1. A building structure design optimization method based on artificial intelligence, characterized in that: The method comprises: Use convolutional neural networks (CNNs) to extract mechanical features from historical engineering data; Generate multi-objective optimization solutions through collaborative reinforcement learning and genetic algorithms; Integrate CAE simulation verification and CAD automated drawing.

2. The method for optimizing building structure design based on artificial intelligence according to claim 1, characterized in that: Before the CNN extracts mechanical features, the historical engineering data is preprocessed, including: Remove noisy data through data cleaning; Standardize coding of unstructured data such as design drawings and test reports; Normalization is used to unify the dimensional differences.

3. The method for optimizing building structure design based on artificial intelligence according to claim 1, characterized in that: The genetic algorithm adopts the NSGA-II algorithm framework, and the optimization objectives include at least material cost, structural stiffness and carbon emissions.

4. The method for optimizing building structure design based on artificial intelligence according to claim 1, characterized in that: The method further includes an integrated interface with the BIM platform to support real-time data feedback from the construction phase to the design optimization module.

5. The method for optimizing building structure design based on artificial intelligence according to claim 4, characterized in that: The integrated interface of the BIM platform collects construction data in real time through IoT sensors, including material deformation, ambient temperature and humidity, and load changes, and dynamically adjusts design parameters to match actual construction conditions.

6. The method for optimizing building structure design based on artificial intelligence according to claim 1, characterized in that: The reward function of the reinforcement learning includes a weighted sum of a safety index and an economic index, and the weights are dynamically adjusted by technical personnel.

7. The method for optimizing building structure design based on artificial intelligence according to claim 6, characterized in that: The safety indicators of the reward function include seismic performance coefficient, structural failure probability and redundancy of key nodes, and the economic indicators include material cost, construction cost and operation and maintenance expenses. The weight adjustment method supports manual input and automatic preset templates based on project type matching.

8. The method for optimizing building structure design based on artificial intelligence according to claim 3, characterized in that: The optimization objectives of the genetic algorithm further include a construction feasibility score and a historical building protection grade, wherein the construction feasibility score is evaluated by simulating the feasibility of the scheme through the Monte Carlo method.
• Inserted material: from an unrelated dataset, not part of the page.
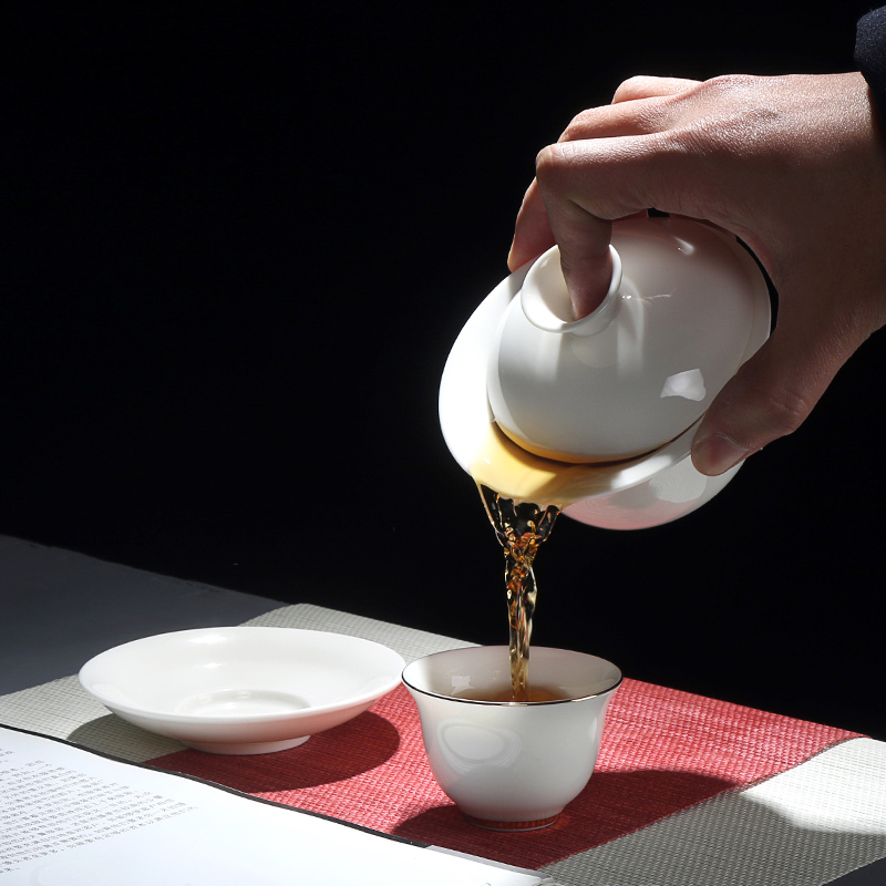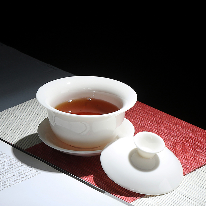 150ml 8g Sancai tea bowl cover bowl ceramic kung fu tea set tea cup tea handmade cover bowl Dehua white porcelain

9. The method for optimizing building structure design based on artificial intelligence according to claim 1, characterized in that: The method also includes a human-machine collaborative decision-making module, which provides a visual interface for engineers to manually correct the AI-generated solution. The corrected solution is fed back to the CNN and reinforcement learning model as new training data to achieve online model updates.
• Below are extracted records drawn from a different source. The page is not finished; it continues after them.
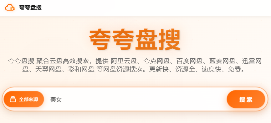 夸夸盘搜-聚合云盘资源高效搜索工具,无需注册,搜索结果直接可用网址:https://www.kuakuaso.com/▎网站介绍:一个免费无需登录网盘资源聚合搜索引擎,支持同时检索阿里云盘、夸克网盘、百度网盘、蓝奏云盘、迅雷云盘、天翼网盘和彩和网盘等多种主流云盘的资源。用户输入关键词后可以快速查找对应的文件链接,平台...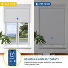 Wake up naturally as your shades gradually open in the morning, creating a gentle start to your day. Keep your home comfortable by scheduling them to close during peak sunlight hours, helping maintain the ideal temperature. At night, enhance privacy and security with automated closing, and even simulate occupancy while you're away, giving you peace of mind. With customizable schedules and routines, your shades work effortlessly to fit your lifestyle.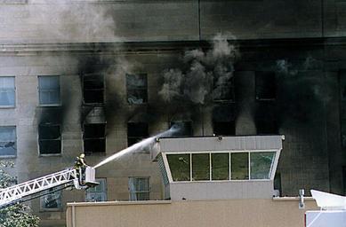 | Keywords: DA-SD-03-08931.JPEG  A local firefighter douses smoke billowing from the windows of the Pentagons western wall after American Airlines Flight 77 piloted by Al-Qaeda led terrorists deliberately crashed into it http //www dodmedia osd mil/Assets/Still/2003/Army/DA-SD-03-08931 JPEG 2001-09-11 PAUL DISNEY USA PD-USGov PD-USGov The Pentagon on 9/11 September 2001 photographs |

10. The method for optimizing building structure design based on artificial intelligence according to claim 1, characterized in that: The CAE simulation verification adopts multi-physics field coupling analysis, including statics, dynamics and thermodynamics simulation, and when the deviation between the simulation result and the AI ​​prediction value exceeds a preset threshold, it automatically triggers local parameter re-optimization and generates a difference report.